Research is central to our work, we aim to identify hard and soft limits to adaptation, document community-led practices, and translate evidence into actionable knowledge. Through active policy tracking at UNFCCC events (COPs, SB sessions, and Adaptation Committee meetings), we monitor how loss and damage indicators emerge. By fostering strategic alignment among all stakeholders, we aim to build a new narrative: adaptation and loss and damage are complementary, not competing, agendas.
To find out more about the working group please contact: malek@lossanddamagecollaboration.org
Team Members

MALEK ROMDHANE
Malek Romdhane is a climate policy expert, researcher, and UNFCCC youth negotiator on climate adaptation, a Loss and Damage Fellow of the New Generation Program, a graduate of the UN Geneva Graduate Study Programme on SDGs and Agenda 2030, and currently leads the Adaptation Project within the Loss and Damage Collaboration.

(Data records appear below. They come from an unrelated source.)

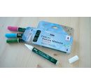 Sada KREUL "Křídový popisovač - dekorace oken " se skládá ze čtyř per a je vhodná zejména k dekorování oken a jiných skleněných povrchů. S hrotem širokým přibližně 2 až 3 mm lze velmi dobře malovat zejména nápisy.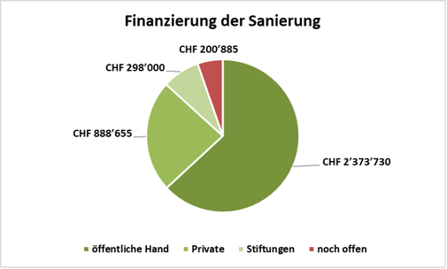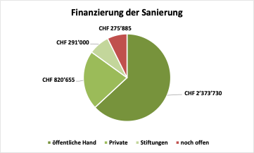 Auf Grund der vergebenen Arbeiten und der Kostenschätzungen für die noch offenen Posten ergibt sich aktuell ein Baubudget von rund 3.4 Mio. Franken. Wenn es gelingt, die Finanzierung für die zurückgestellten Arbeiten auch noch sicher zustellen werden voraussichtlich 3.8 Mio. Franken investiert.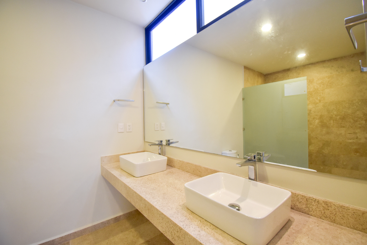 Planta alta: 2 recámaras secundarias con baño y clóset vestidor, recámara principal con baño completo y amplio clóset vestidor.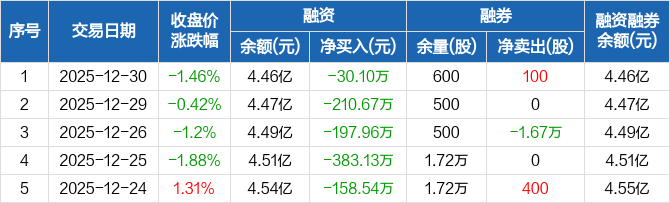 融资方面,当日融资买入1350.05万元,融资偿还1380.14万元,融资净偿还30.1万元,连续5日净偿还累计980.39万元。融券方面,融券卖出100股,融券偿还0股,融券余量600股,融券余额9732元。融资融券余额合计4.46亿元。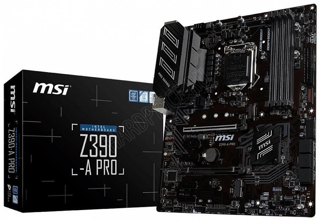 Материнская плата MSI Z390-A PRO, Socket 1151, Intel® Z390, ATX (9th/8th Gen CPU), Dual 4xDDR4-4400, 2xPCIe X16, CPU Intel graphics, VGA, DVI, DP, 6xSATA3, RAID, 1xM.2 slot, 4xPCIe X1, ALC892 HDA, GbE LAN, 2xUSB3.1 Gen 2 (Type-C & Type-A), 8xUSB3.1 материнская плата форм-фактора ATX сокет LGA1151 v2 чипсет Intel Z390 4 слота DDR4 DIMM, 2133-4400 МГц. поддержка CrossFire X разъемы SATA: 6 Гбит/с - 6
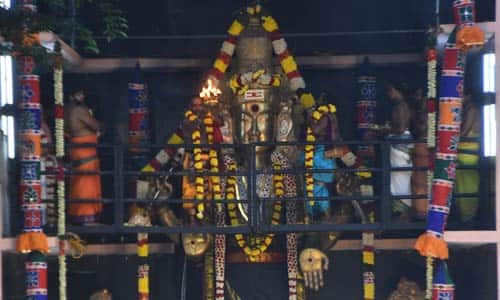 புதுச்சேரி ; மொரட்டாண்டி சனீஸ்வரர் பகவான் கோவிலில் 27 அடி உயர சனி பகவானுக்கு மகாதீபாரதனை நடைபெற்றது.
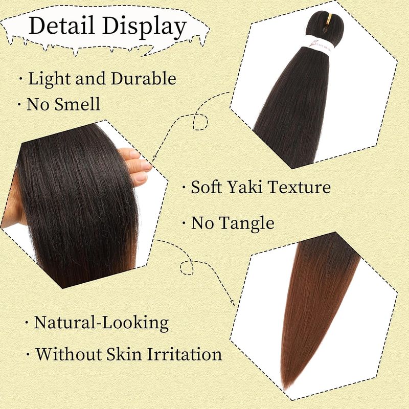 26inch Prestretched Knotless Kanekalon Hair Long Straight Synthetic Box Braids Yaki Texture Hot Water Setting Hair Extension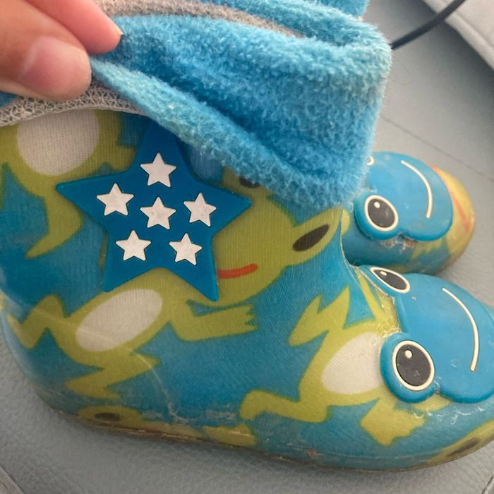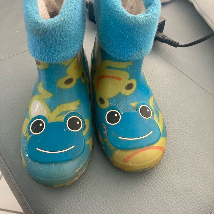 Bottes caoutchouc, chaussettes moltonnées utilisées et complètement retirable. Taille 26 .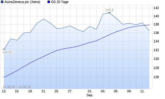Mit dem Rücksetzer auf 135,00 EUR hat die Astrazeneca-Aktie am 12.09.2025 die 20-Tage-Linie nach unten gekreuzt.Die Astrazeneca-Aktie befindet sich seit dem 13.08.2025 im langfristigen ...weiterlesen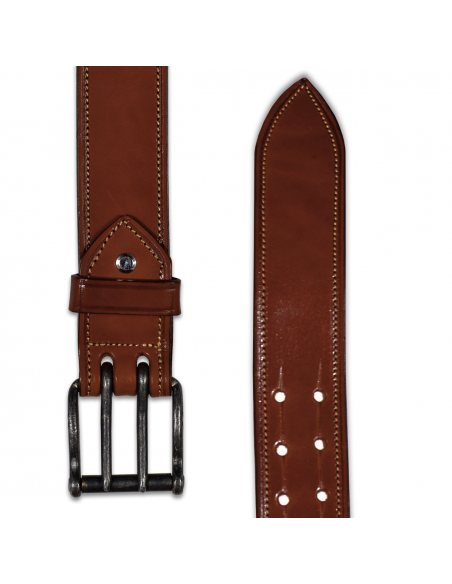 Cinturón de cuero 'Los Nietos' hecho a mano costuras| Doble Pincho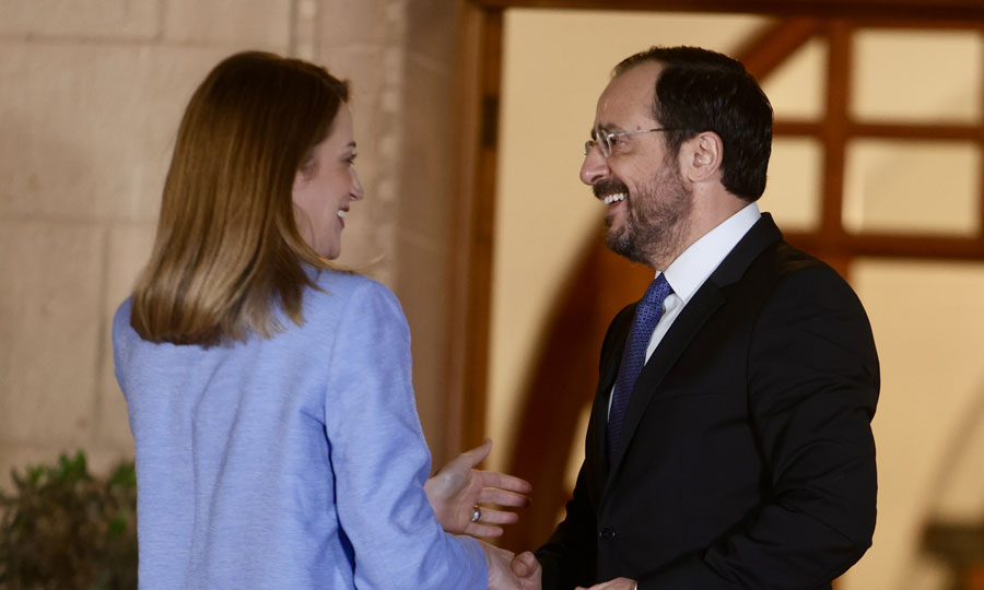 Την Προέδρου του Ευρωπαϊκού Κοινοβουλίου, Ρομπέρτα Μέτσολα υποδέχθηκε το απόγευμα της Δευτέρας (01/12) στο Προεδρικό Μέγαρο ο Πρόεδρος της Κυπριακής Δημοκρατίας, στο πλαίσιο της Διάσκεψης των Προέδρων του Ευρωπαϊκού Κοινοβουλίου.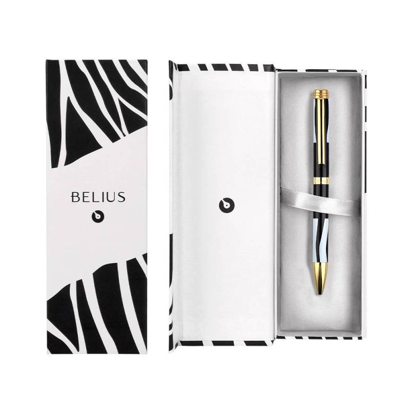 Boligrafo belius dualita cuerpo negro color blanco tinta azul caja de diseño. |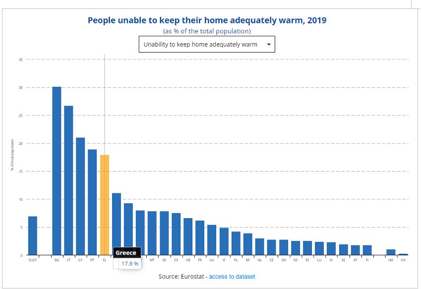Στη χειρότερη κατάσταση είναι τα νοικοκυριά στη Βουλγαρία (30,1%) και ακολουθούν η Λιθουανία (26,7%), η Κύπρος (21%) όπου καταγράφονται όμως υψηλότερες θερμοκρασίες, η Πορτογαλία (18,9%) και η Ελλάδα (17,9%).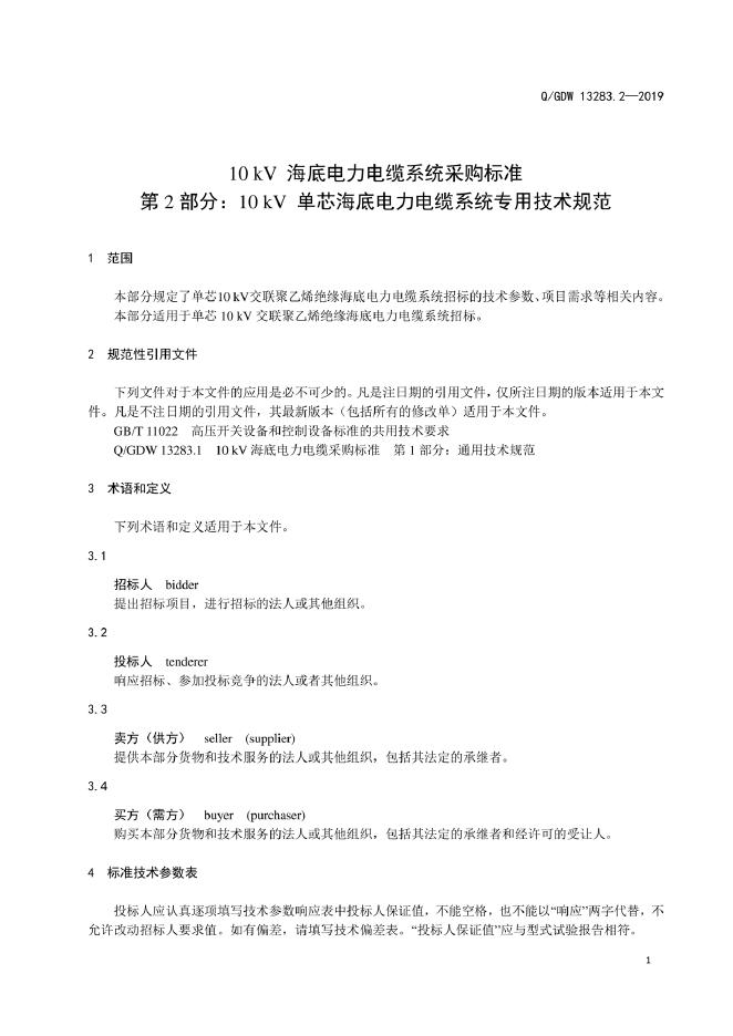 Q/GDW 13283.2-2019 10kV海底电力电缆系统采购标准 第2部分:10kV单芯海底电力电缆系统专用技术规范

Her research within the Adaptation project investigates the hard and soft limits of adaptation, community-led practices, and the scientific and policy evidence gaps at the intersection of adaptation and loss and damage, with a commitment to translating empirical findings into actionable knowledge for vulnerable communities and ensuring finance for loss and damage projects, driving impact on the ground for affected communities while shaping international policy through active tracking of UNFCCC negotiations and cross‑sectoral alignment between adaptation and loss and damage agendas.